Because of its global range and large payload of approximately five tons, the reliable R-7 was not only effective as a strategic delivery system for nuclear warheads, but also as an excellent basis for a space vehicle. The United States' announcement in July 1955 of its plan to launch a satellite during the International Geophysical Year greatly benefited Korolyov in persuading Soviet leader Nikita Khrushchev to support his plans in January 1956, in order to surpass the Americans. Plans were approved for Earth-orbiting satellites (Sputnik) to gain knowledge of space, and four unmanned military reconnaissance satellites, Zenit. Further planned developments called for a manned Earth orbit flight by 1964 and an unmanned lunar mission at an earlier date.
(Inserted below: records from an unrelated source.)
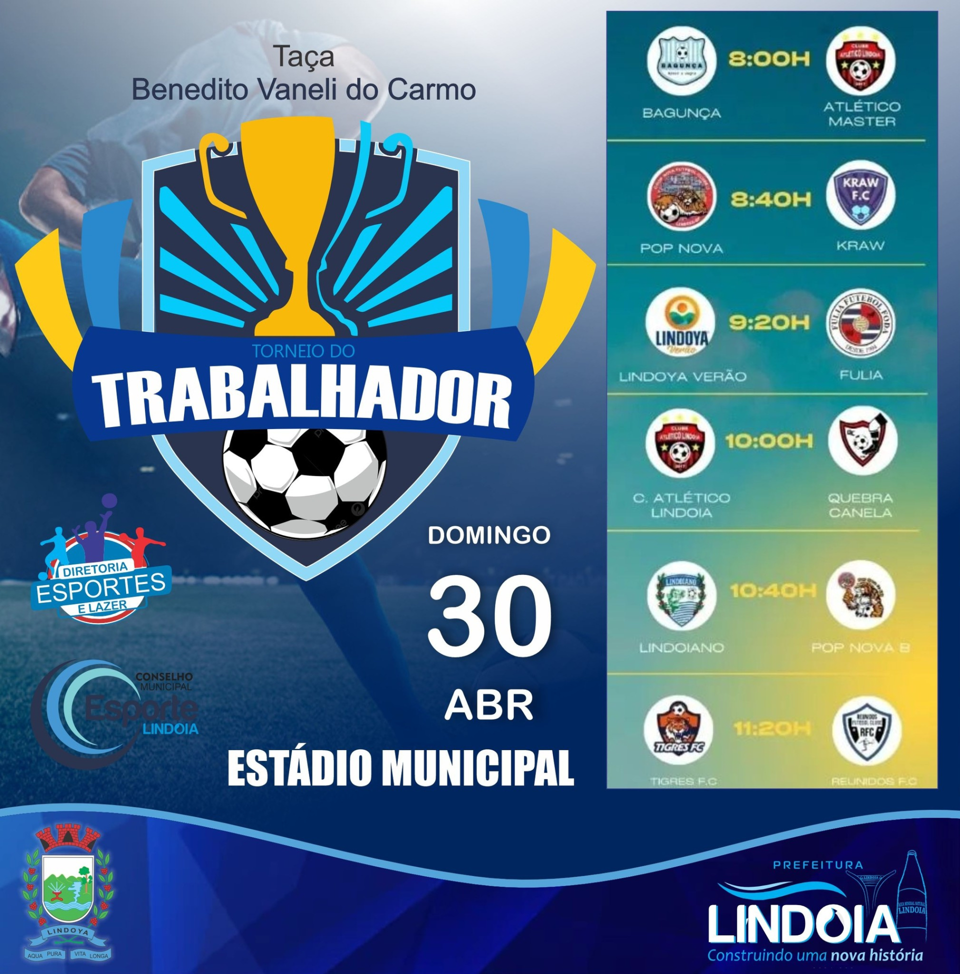 O departamento de esportes da cidade de Lindoia realizará neste domingo, dia 30, a partir das 8 horas, no Estádio Municipal de Lindoia(SP), o 42º Torneio do Trabalhador de Futebol no Estádio Municipal. O torneio, que já é tradicional, leva o nome de Benedito Vaneli do Carmo – “Ditão da Fonte”, esportista lindoiano nascido em 1939 e falecido recentemente, um batalhador onde atuou como jogador, técnico, colaborador e incentivador do nosso futebol amador, e também de José Edson Torteli Bernardi, nascido em 1961, Edinho, como é mais conhecido, foi um expoente jogador de futebol profissional de todo o Estado de São Paulo, atuando por diversas equipes como, Guarani, Atlético Amparo, Barretos, Novorizontino, Lemense, União São João de Araras e encerrando a carreira no Itapira.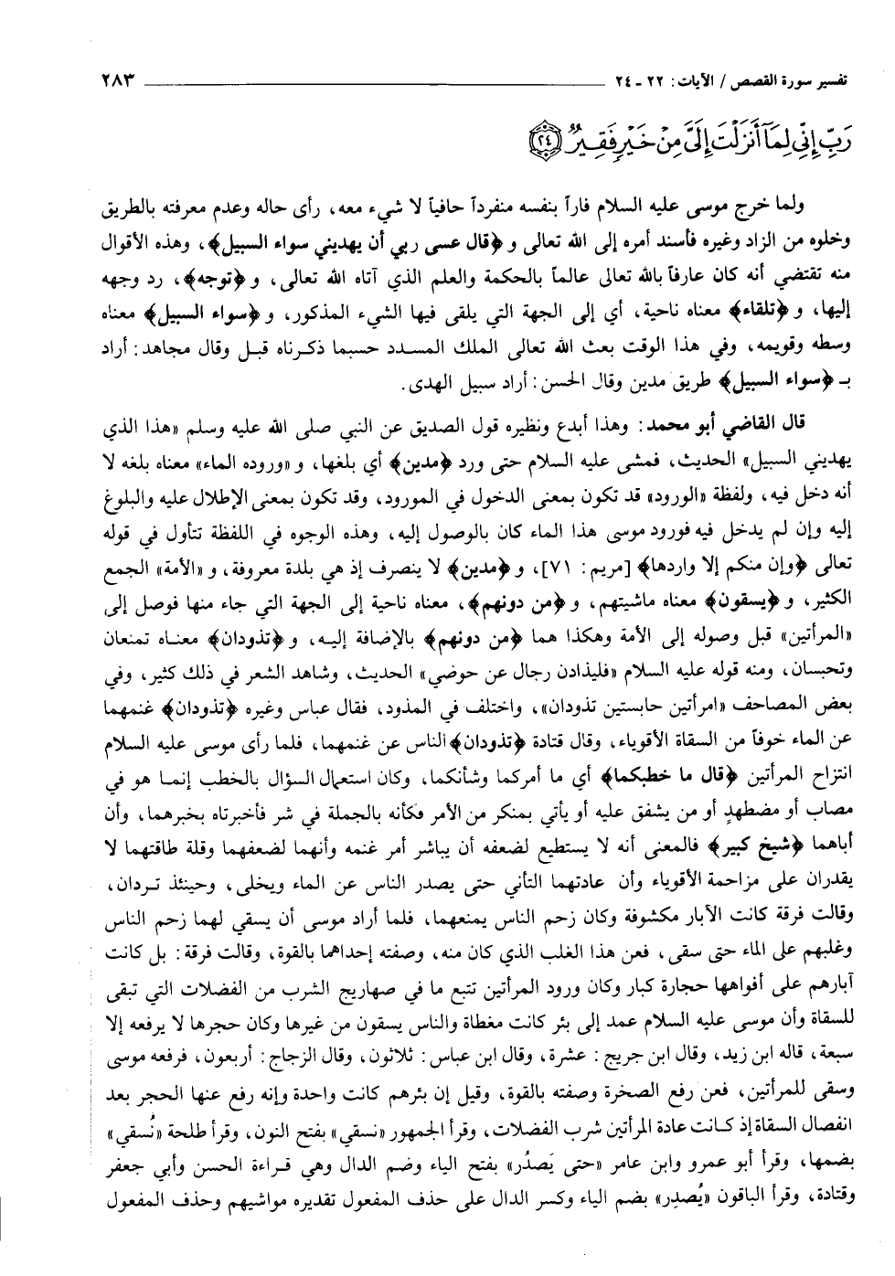قال القاضي أبو محمد: وهذا أبدع ونظيره قول الصديق عن النبي صلى الله عليه وسلم «هذا الذي يهديني السبيل» الحديث، فمشى عليه السلام حتى ورد مَدْيَنَ أي بلغها، و «وروده الماء» معناه بلغه لا أنه دخل فيه، ولفظة «الورود» قد تكون بمعنى الدخول في المورود، وقد تكون بمعنى الإطلال عليه والبلوغ إليه وإن لم يدخل فيه فورود موسى هذا الماء كان بالوصول إليه، وهذه الوجوه في اللفظة تتأول في قوله تعالى وَإِنْ مِنْكُمْ إِلَّا وارِدُها [مريم: ٧١] ، ومَدْيَنَ لا ينصرف إذ هي بلدة معروفة، و «الأمة» الجمع الكثير، ويَسْقُونَ معناه ماشيتهم، ومِنْ دُونِهِمُ، معناه ناحية إلى الجهة التي جاء منها فوصل إلى «المرأتين» قبل وصوله إلى الأمة وهكذا هما مِنْ دُونِهِمُ بالإضافة إليه، وتَذُودانِ معناه تمنعان وتحبسان، ومنه قوله عليه السلام «فليذادن رجال عن حوضي» الحديث، وشاهد الشعر في ذلك كثير، وفي بعض المصاحف «امرأتين حابستين تذودان» ، واختلف في المذود، فقال عباس وغيره تَذُودانِ غنمهما عن الماء خوفا من السقاة الأقوياء، وقال قتادة تَذُودانِ الناس عن غنمهما، فلما رأى موسى عليه السلام انتزاح المرأتين قالَ ما خَطْبُكُما أي ما أمركما وشأنكما، وكان استعمال السؤال بالخطب إنما هو في مصاب أو مضطهد أو من يشفق عليه أو يأتي بمنكر من الأمر فكأنه بالجملة في شر فأخبرتاه بخبرهما، وأن أباهما شَيْخٌ كَبِيرٌ فالمعنى أنه لا يستطيع لضعفه أن يباشر أمر غنمه وأنهما لضعفهما وقلة طاقتهما لا يقدران على مزاحمة الأقوياء وأن عادتهما التأتي حتى يصدر الناس عن الماء ويخلى، وحينئذ تردان، وقالت فرقة كانت الآبار مكشوفة وكان زحم الناس يمنعهما، فلما أراد موسى أن يسقي لهما زحم الناس وغلبهم على الماء حتى سقى، فعن هذا الغلب الذي كان منه، وصفته إحداهما بالقوة، وقالت فرقة: بل كانت آبارهم على أفواهها حجارة كبار وكان ورود المرأتين تتبع ما في صهاريج الشرب من الفضلات التي تبقى للسقاة وأن موسى عليه السلام عمد إلى بئر كانت مغطاة والناس يسقون من غيرها وكان حجرها لا يرفعه إلا سبعة، قاله ابن زيد، وقال ابن جريج: عشرة، وقال ابن عباس: ثلاثون، وقال الزجاج: أربعون، فرفعه موسى وسقى للمرأتين، فعن رفع الصخرة وصفته بالقوة، وقيل إن بئرهم كانت واحدة وإنه رفع عنها الحجر بعد انفصال السقاة إذ كانت عادة المرأتين شرب الفضلات، وقرأ الجمهور «نسقي» بفتح النون، وقرأ طلحة «نسقي» بضمها، وقرأ أبو عمرو وابن عامر «حتى يصدر» بفتح الياء وضم الدال وهي قراءة الحسن وأبي جعفر وقتادة، وقرأ الباقون «يصدر» بضم الياء وكسر الدال على حذف المفعول تقديره مواشيهم وحذف المفعول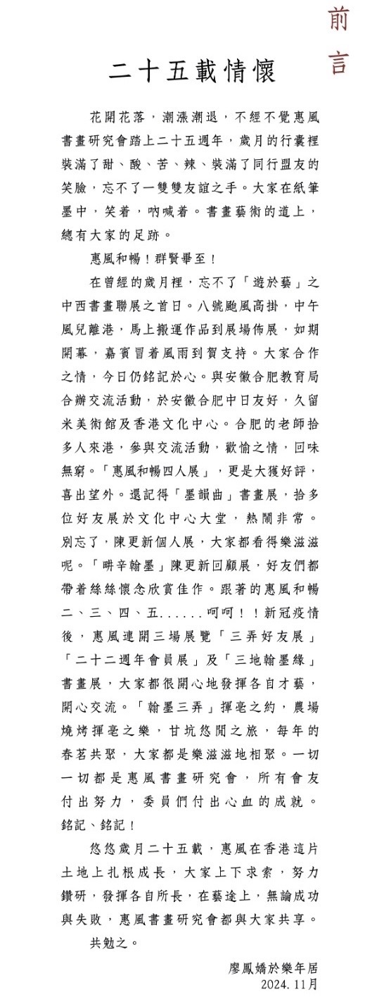 由惠風書畫研究會主辦的「惠風書畫研究會成立二十五周年」展覽,將於1月2日至5日假香港中央圖書館舉行,1月2日會舉行開幕禮。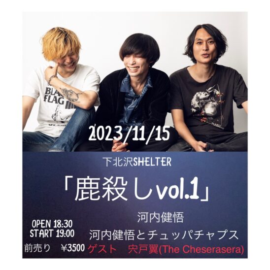SCHEDULE 2023 11 15 Wednesday 「鹿殺しvol.1」 OPEN 18:30 - START 19:00 Tweet 河内健悟 河内健悟とチュッパチャプス 宍戸翼(The Cheserasera) TICKETADV¥3500 / DOOR¥4000 【発売日】 10/7〜e+ https://eplus.jp/sf/detail/3973900001-P0030001 Share
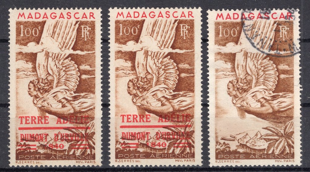 MNH (x2) and one Madagascar stamp without overprint used.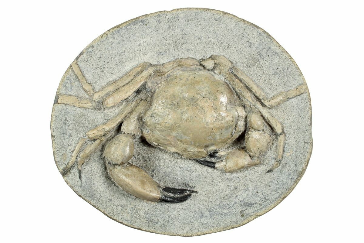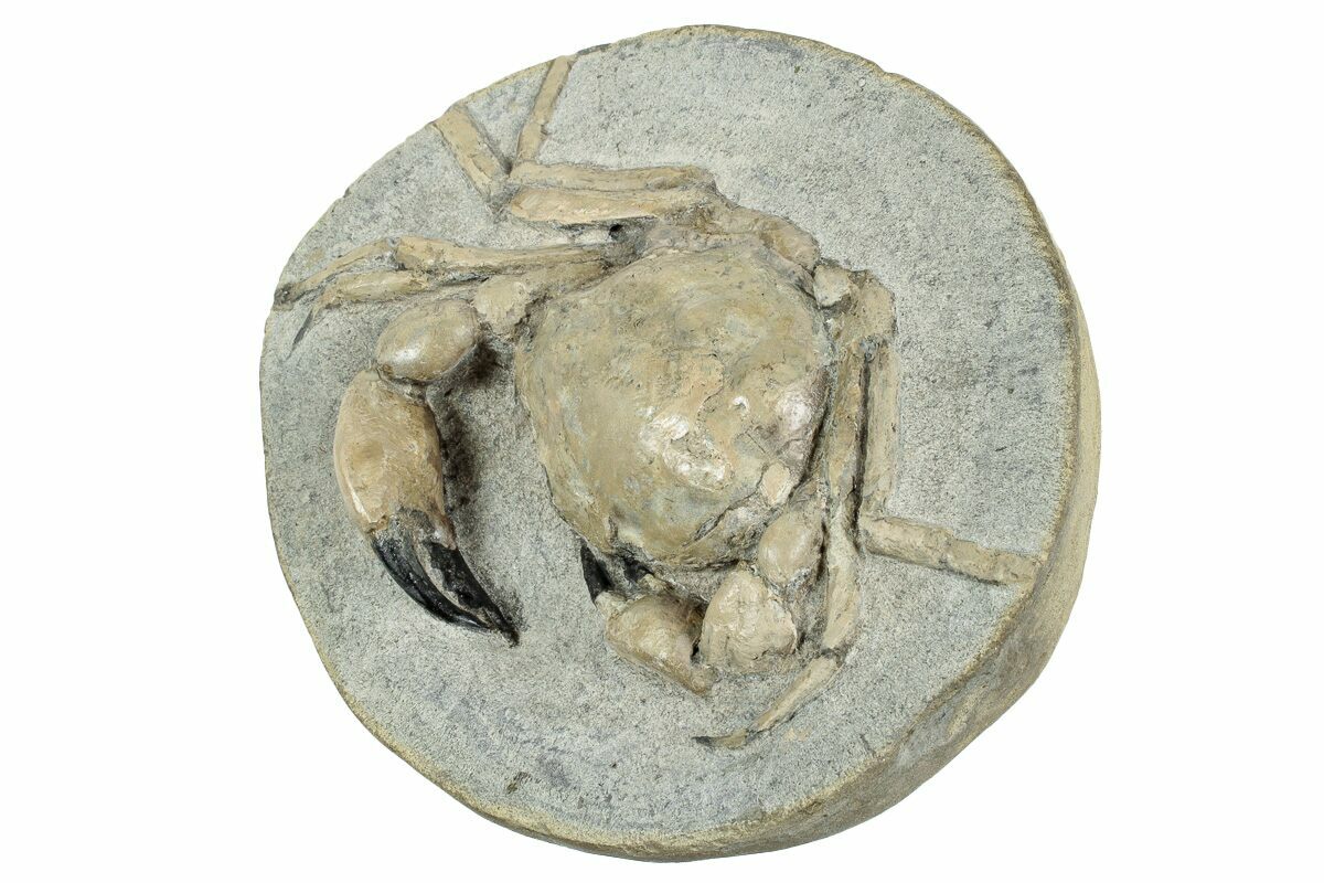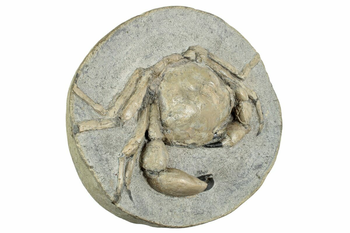 This is a 3.8" wide fossil crab (Pulalius vulgaris) from Southwest Washington. These crabs are found within hard concretions (a mass of rock that forms around organic manner) which must be broken open to find the crab. The crab must then be prepared from the hard concretion using air tools, a very time consuming process.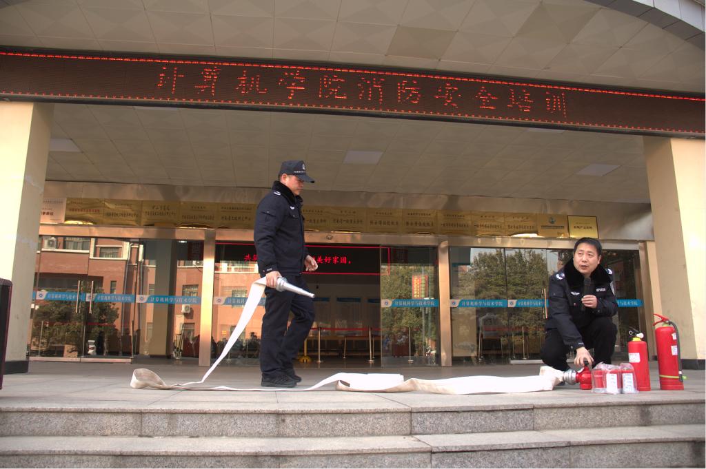 活动开始前,学院领导与保卫处沟通协调,认真细致制定演练活动方案。活动初始,学院党委副书记阎俊豪介绍演练方案和演练注意事项。接着,保卫处袁海庆现场为师生讲解了干粉灭火器、强化水型灭火器的实际操作步骤和注意事项;消防水管的连接和使用方法;火灾袭来时迅速逃生的方法等。随后,部分师生在保卫处工作人员指导下进行现场实际操作灭火演练,让师生从理论到实践身临其境地掌握消防技能。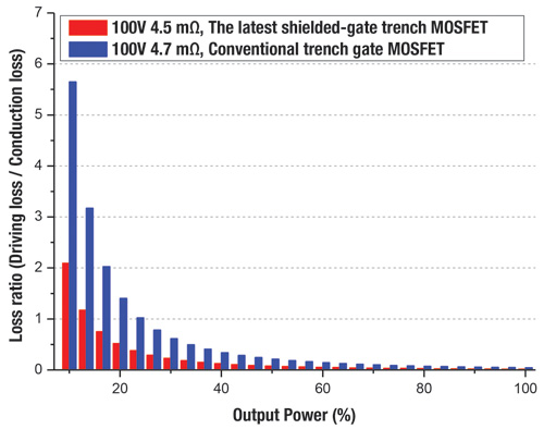 | 圖2 不同輸出負載條件下損失比(驅動損失導通損失)的比較 |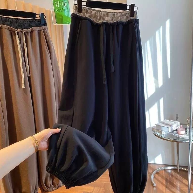 대형 300kg 뚱뚱한 자매 유럽 스포츠 캐주얼 바지 여성 봄 봄 할란 랜턴 넓은 다리 바지 2스토어 가기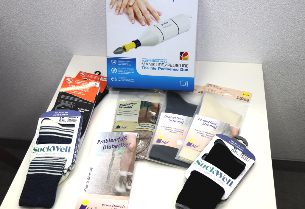 Ein wichtiges Thema beim “Diabetischen Fuß“ ist auch die Fußpflege. In Corona-Zeiten nicht ganz einfach, denn Podologen haben nicht immer geöffnet oder sind vollkommen ausgelastet. Im Sanitätshaus Köppchen gibt es ein eigens für Diabetiker entwickeltes Maniküre- und Pediküre-Set. Bei diesem besonderen Fußpflegegerät sind die Fräse-Aufsätze ganz besonders abgerundet, damit man sich selbst nicht verletzen kann. Auch hier berät speziell geschultes Fachpersonal zielgerichtet.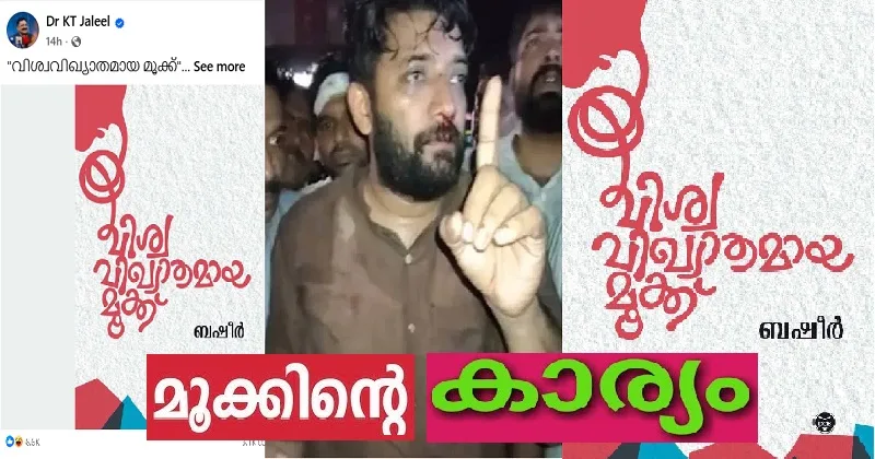 പക്ഷെ, അപ്പോഴും ഷാഫിക്കും ഷാഫിയുടെ മൂക്കിനും കിട്ടുന്ന മൈലേജിനെ ഇടതുപക്ഷത്തെ നേതാക്കള് വരെ ഭക്കുന്നുണ്ടെന്ന് പറയാതെ വയ്യ. ചോരവീണ സമരങ്ങളാണ് കേരളത്തിന്റെ ഭരണമാറ്റത്തിനു കാരണമായിട്ടുള്ളതെന്ന് ചരിത്രം തെളിയിച്ചിട്ടുള്ളതാണ്. പിണറായി വിജയന് സര്ക്കാരിനു മാത്രമാണ് ചോരവീഴാതെയുള്ള ഭരണവും തുടര് ഭരണവും കിട്ടിയത്. അതുകൊണ്ട് ഷാഫിയുടെ മൂക്കിനെ കുറിച്ച് അല്പ്പമൊന്ന് എവുതാതെ പോകാനാവില്ലെന്ന നിലപാടായിരുന്നു പ്രൊഫസറും മന്ത്രിയും ഡോക്ടറുമൊക്കെയായ കെ.ടി. ജലീല്. പറയുമ്പോള് കൊള്ളിച്ചു തന്നെ പറയുന്ന ശീലമുള്ള ജലീലിന്റെ ഫേസ്ബുക്ക് പോസ്റ്റാണ് ഇപ്പോള് വലിയ ചര്ച്ചയായിരിക്കുന്നത്. കാരണം, ജലീല് ഷാഫിയുടെ മൂക്കിനെ മൂക്കേ അല്ലെന്നു സ്ഥാപിക്കാന് കൂട്ടു പിടിച്ചത് വൈക്കം മുഹമ്മത് ബഷീറിനെയാണ്. അദ്ദേഹത്തിന്റെ ‘വിശ്വവിഖ്യാതമായ മൂക്ക്’ എന്ന ചെറുകഥയെ ഉപമിച്ചാണ് ഷാഫിയുടെ മൂക്കിനിട്ട് വീണ്ടും ഇടിച്ചിരിക്കുന്നത്.

After the first Sputnik proved to be a successful propaganda coup, Korolyov—now known publicly only as the mysterious "Chief Designer of Rocket-Space Systems"—was charged to accelerate the manned program, the design of which was combined with the Zenit program to produce the Vostok spacecraft. Still influenced by Tsiolkovsky—who had chosen Mars as the most important goal for space travel—in the early 1960s the Russian program under Korolyov created substantial plans for manned trips to Mars as early as 1968 to 1970. With closed-loop life support systems and electrical rocket engines, and launched from large orbiting space stations, these plans were much more ambitious than America's goal of landing on the moon.